• Work item: Write the data below out exactly as it stands. Do not include the pictures.

Source data: Begin

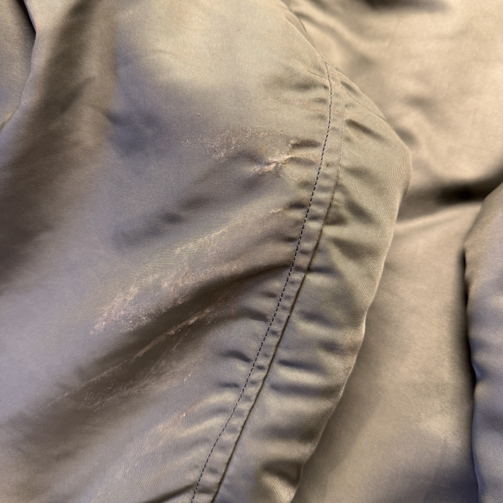 袖にスレによる生地痩せがみられます。
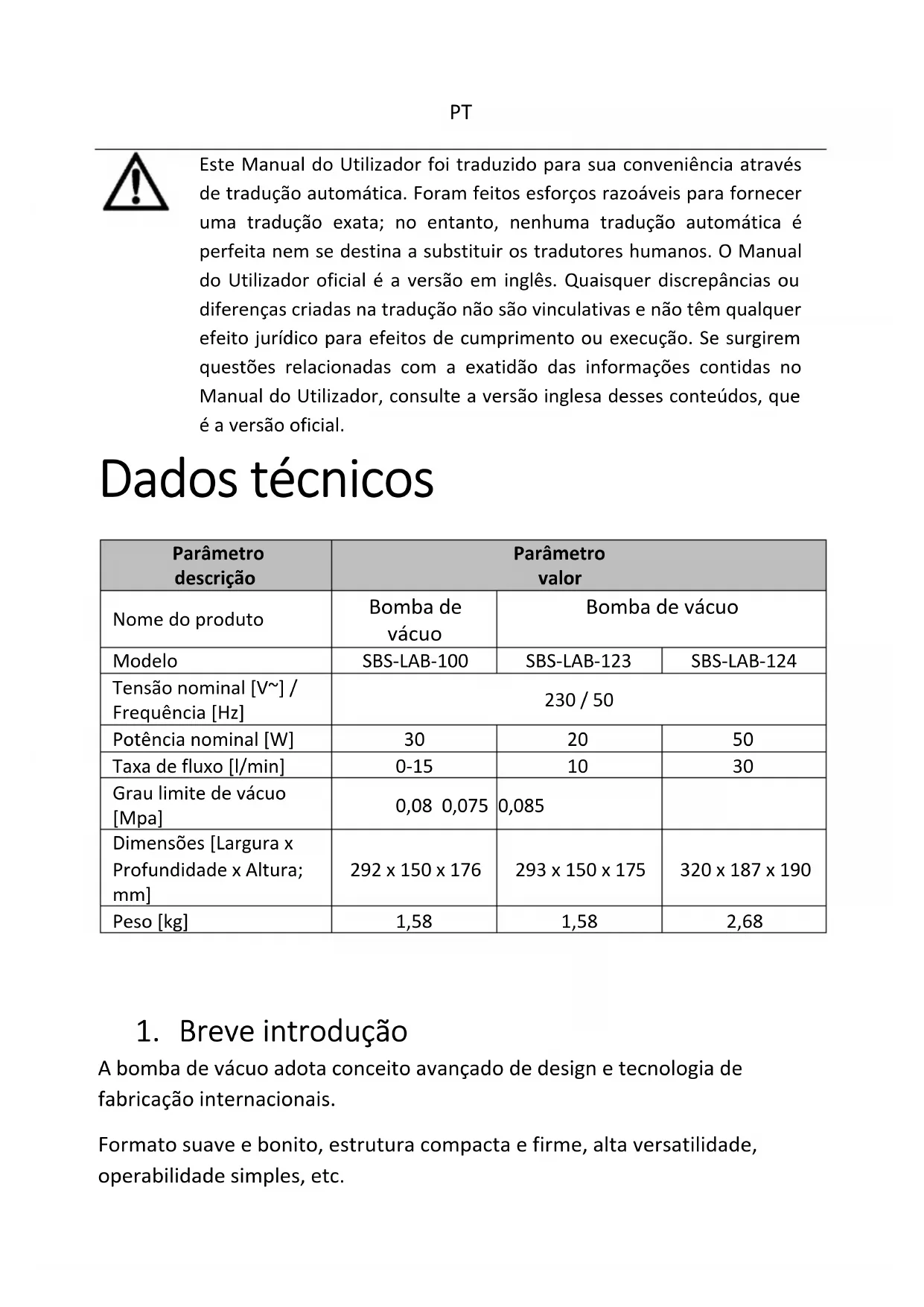 Este Manual do Utilizador foi traduzido para sua conveniência através de tradução automática. Foram feitos esforços razoáveis para fornecer uma tradução exata; no entanto, nenhuma tradução automática é perfeita nem se destina a substituir os tradutores humanos. O Manual do Utilizador oficial é a versão em inglês. Quaisquer discrepâncias ou diferenças criadas na tradução não são vinculativas e não têm qualquer efeito jurídico para efeitos de cumprimento ou execução. Se surgirem questões relacionadas com a exatidão das informações contidas no Manual do Utilizador, consulte a versão inglesa desses conteúdos, que é a versão oficial. Dados técnicos Parâmetro descrição Parâmetro valor Nome do produto Bomba de vácuo Bomba de vácuo Modelo SBS-LAB-100 SBS-LAB-123 SBS-LAB-124 Tensão nominal [V~] / Frequência [Hz] 230 / 50 Potência nominal [W]
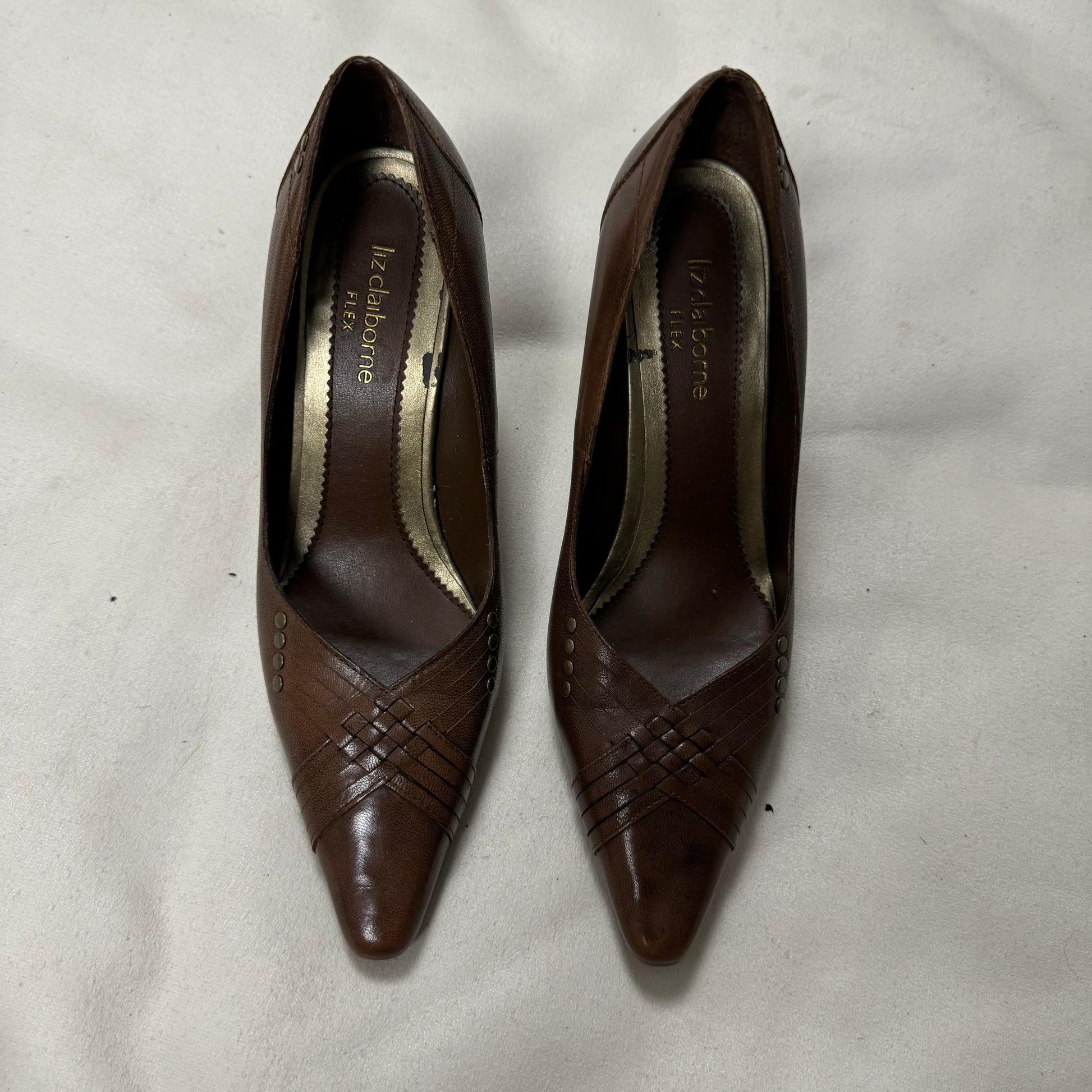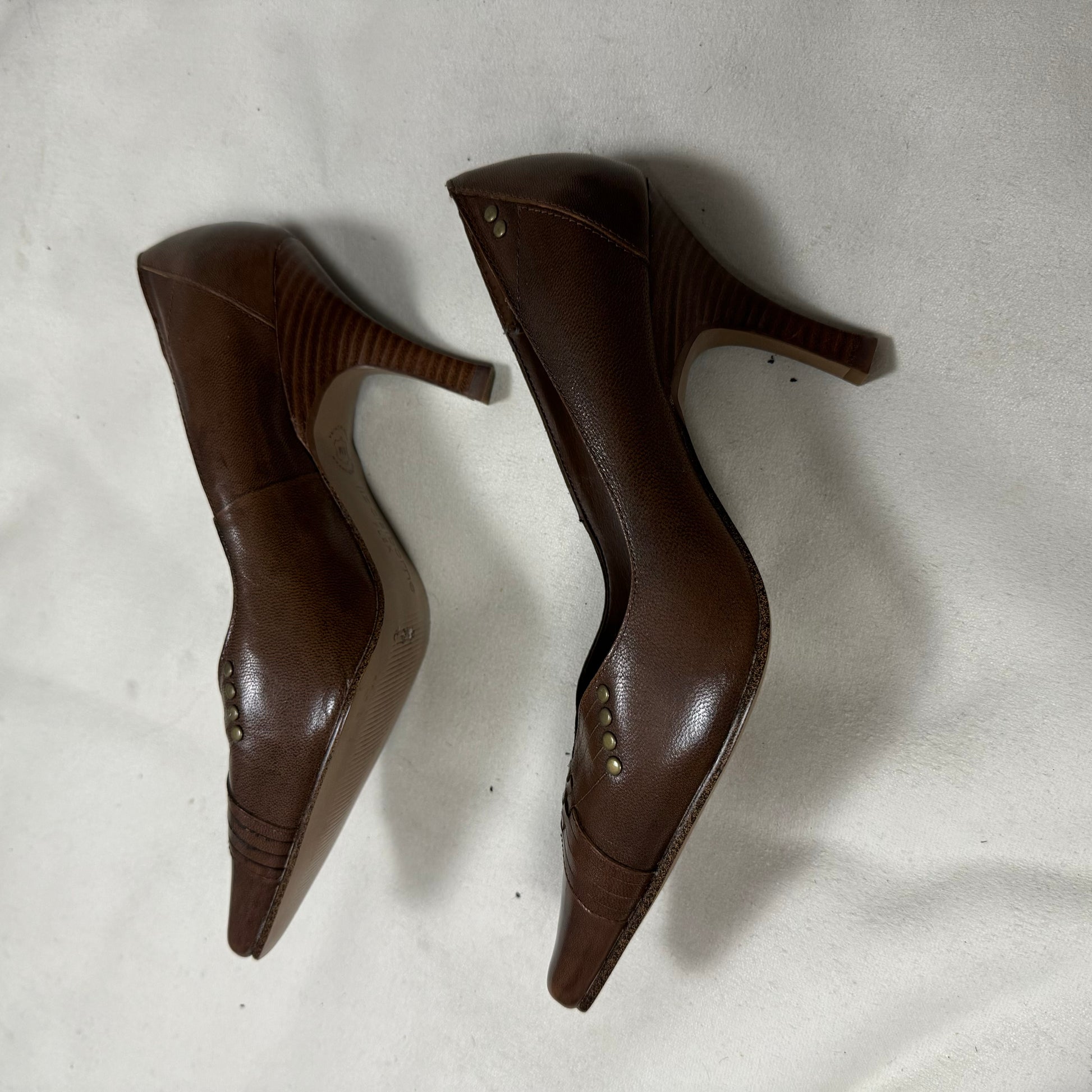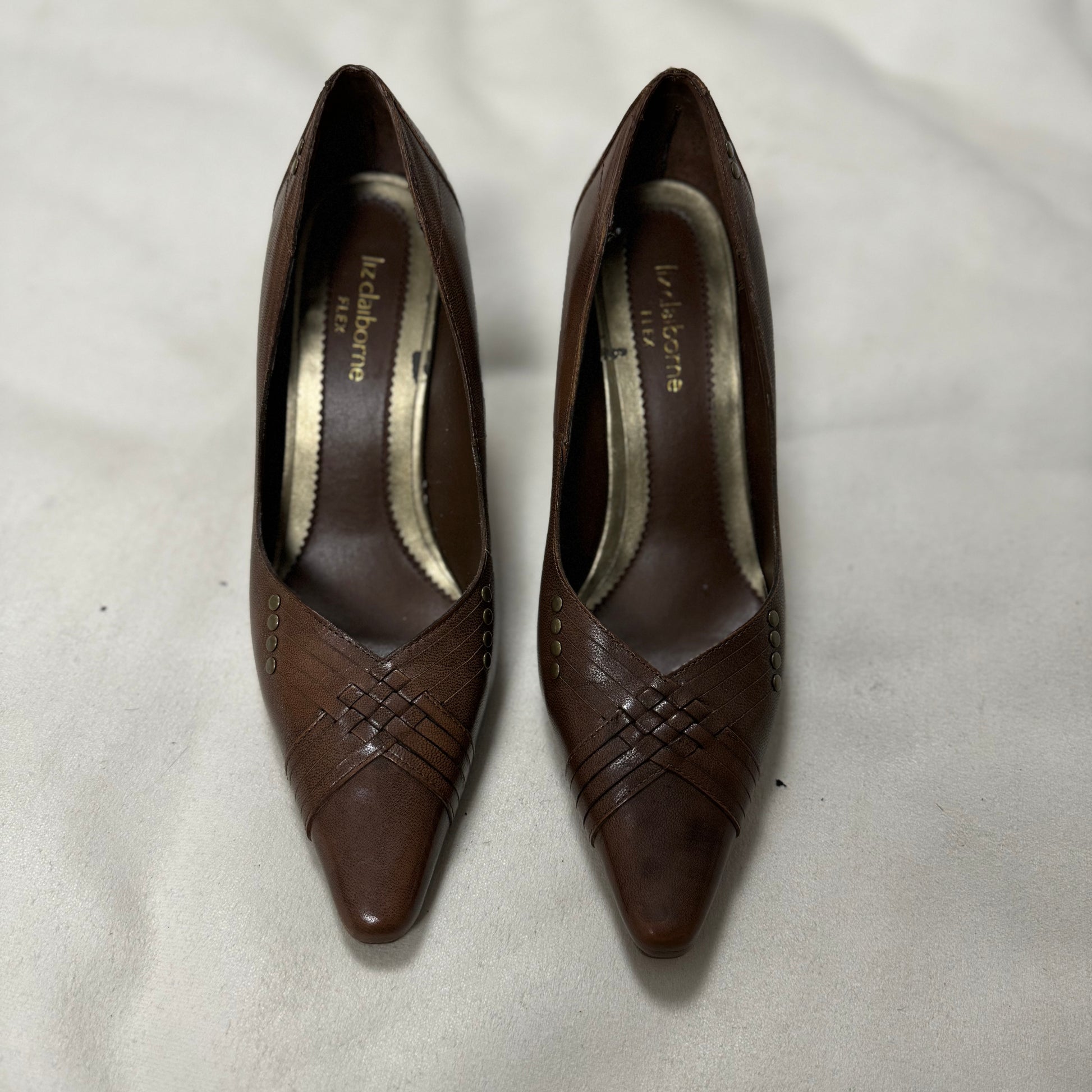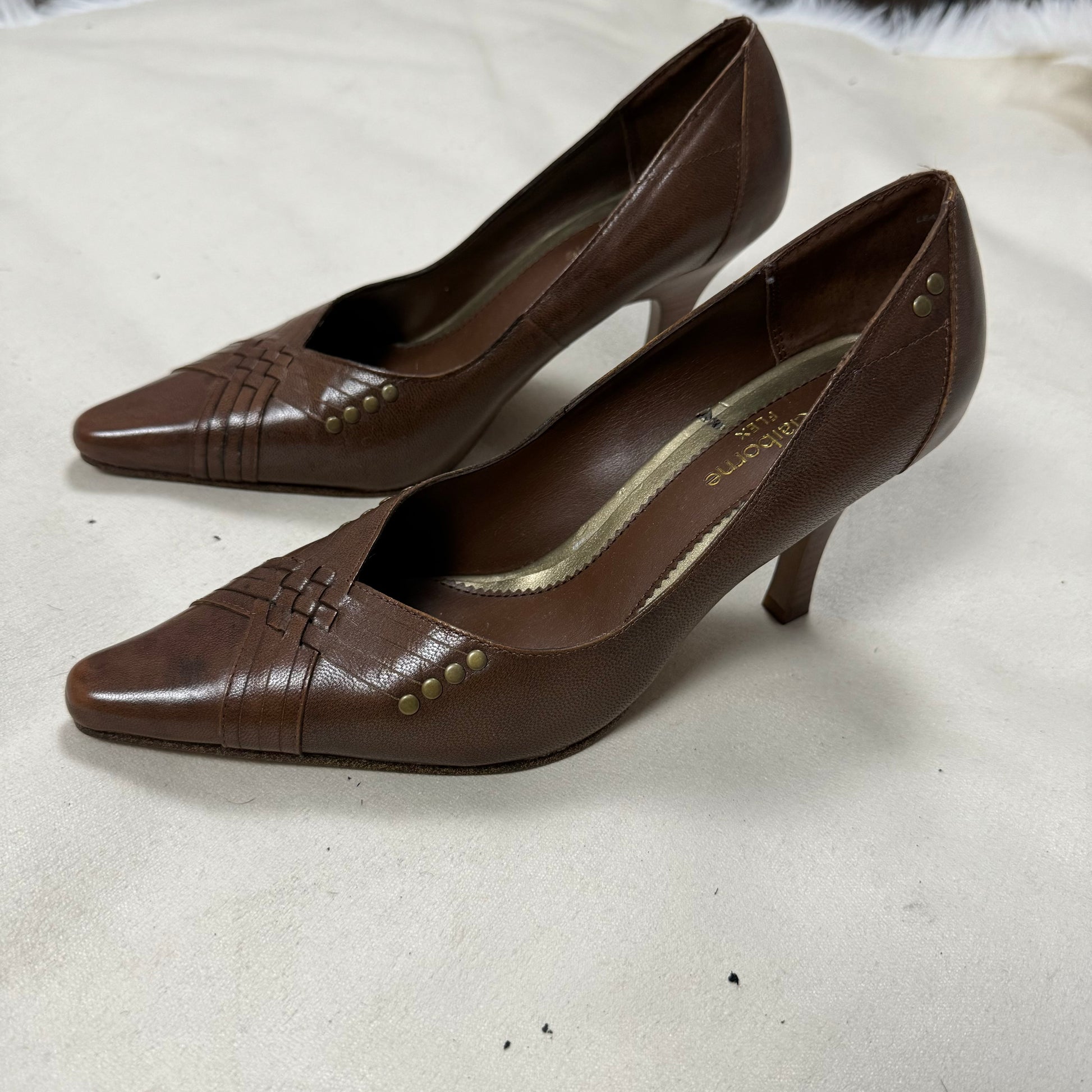 Details: Brown pointed toe kitten heels with gold studs and a gorgeous design.
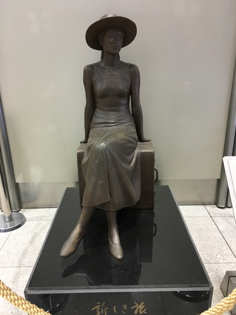空港駅に着いた時、かわいい女性の銅像がありました。荷物をもっていて、旅人を見送っていました。- 旅行時期
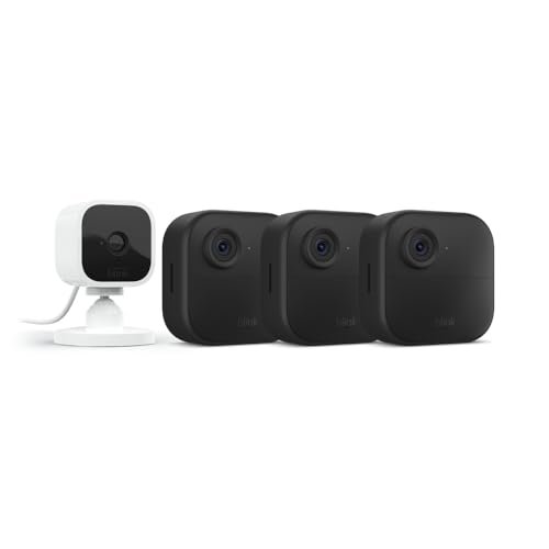 Blink Outdoor 4 (4th Gen) + Blink Mini – Smart security camera, two-way talk, HD live view, motion detection, set up in minutes, Works with Alexa – 3 camera system + Mini (White)

Source data: End

• Written response:
 袖にスレによる生地痩せがみられます。
 Este Manual do Utilizador foi traduzido para sua conveniência através de tradução automática. Foram feitos esforços razoáveis para fornecer uma tradução exata; no entanto, nenhuma tradução automática é perfeita nem se destina a substituir os tradutores humanos. O Manual do Utilizador oficial é a versão em inglês. Quaisquer discrepâncias ou diferenças criadas na tradução não são vinculativas e não têm qualquer efeito jurídico para efeitos de cumprimento ou execução. Se surgirem questões relacionadas com a exatidão das informações contidas no Manual do Utilizador, consulte a versão inglesa desses conteúdos, que é a versão oficial. Dados técnicos Parâmetro descrição Parâmetro valor Nome do produto Bomba de vácuo Bomba de vácuo Modelo SBS-LAB-100 SBS-LAB-123 SBS-LAB-124 Tensão nominal [V~] / Frequência [Hz] 230 / 50 Potência nominal [W]
 Details: Brown pointed toe kitten heels with gold studs and a gorgeous design.
空港駅に着いた時、かわいい女性の銅像がありました。荷物をもっていて、旅人を見送っていました。- 旅行時期
 Blink Outdoor 4 (4th Gen) + Blink Mini – Smart security camera, two-way talk, HD live view, motion detection, set up in minutes, Works with Alexa – 3 camera system + Mini (White)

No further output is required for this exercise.